Quién soy? Soy Franco Estevanacio, Licenciado en Psicología. Nací y crecí en General Conesa, Río Negro, un lugar que siempre llevo en el corazón. Después de graduarme en la Universidad del Salvador en Bahía Blanca, me quedé en esta hermosa ciudad, que ahora es mi hogar. Creo que todos tenemos la capacidad de superar los desafíos emocionales y vivir en sintonía con nuestros valores. Me especializo en enfoques terapéuticos basados en la Terapia de Aceptación y Compromiso (ACT) y Terapia dialéctica comportamental (DBT). Me especializo en el trabajo de traumas complejos, en trastorno de la personalidad, adicciones, ansiedad y trastorno obsesivo compulsivo.
Mi enfoque con ACT (Terapia de Aceptación y Compromiso) y DBT (Terapia Dialéctica Conductual) va más allá de simplemente hablar de lo que te preocupa. Trabajamos activamente para que puedas generar cambios concretos en tu vida, alineados con tus valores y a tu propio ritmo. En lugar de luchar contra el malestar o evitar pensamientos difíciles, aprenderemos a relacionarte con ellos de una manera más flexible y compasiva, para que no sean un obstáculo en tu camino hacia una vida con sentido.
Trabajo con turnos reducidos y cupos limitados.
Elegir una agenda acotada me permite:
Brindar mayor dedicación a cada proceso.
Asegurar continuidad y coherencia terapéutica.
Favorecer el compromiso mutuo con el tratamiento.
Sostener intervenciones profundas y responsables.
En problemáticas como desregulación emocional, trauma o patrones de larga data, el compromiso es un factor central del cambio.

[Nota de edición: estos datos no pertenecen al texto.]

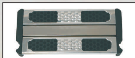
stopień bezpieczeństwa kod 07603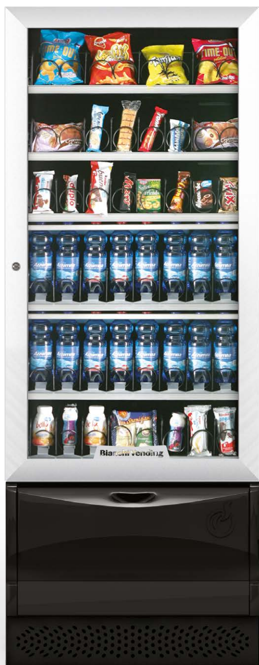
VISTA L SLAVE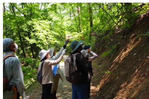
昨年の植物観察会の様子(5月)

Por eso priorizo procesos terapéuticos que puedan sostenerse con responsabilidad y trabajo activo.
Durante este proceso podrás aprender a:
Observar los factores internos y externos que influyen en tus conductas.
Identificar patrones que generan sufrimiento o te alejan de la vida que querés construir.
Relacionarte de otra forma con tu experiencia interna sin luchar contra ella.
Desarrollar habilidades para regular emociones y responder con mayor calma y claridad.
Fortalecer tu capacidad para mantener relaciones saludables y comunicarte desde la autenticidad.
Elegir acciones guiadas por tus valores, incluso ante emociones difíciles.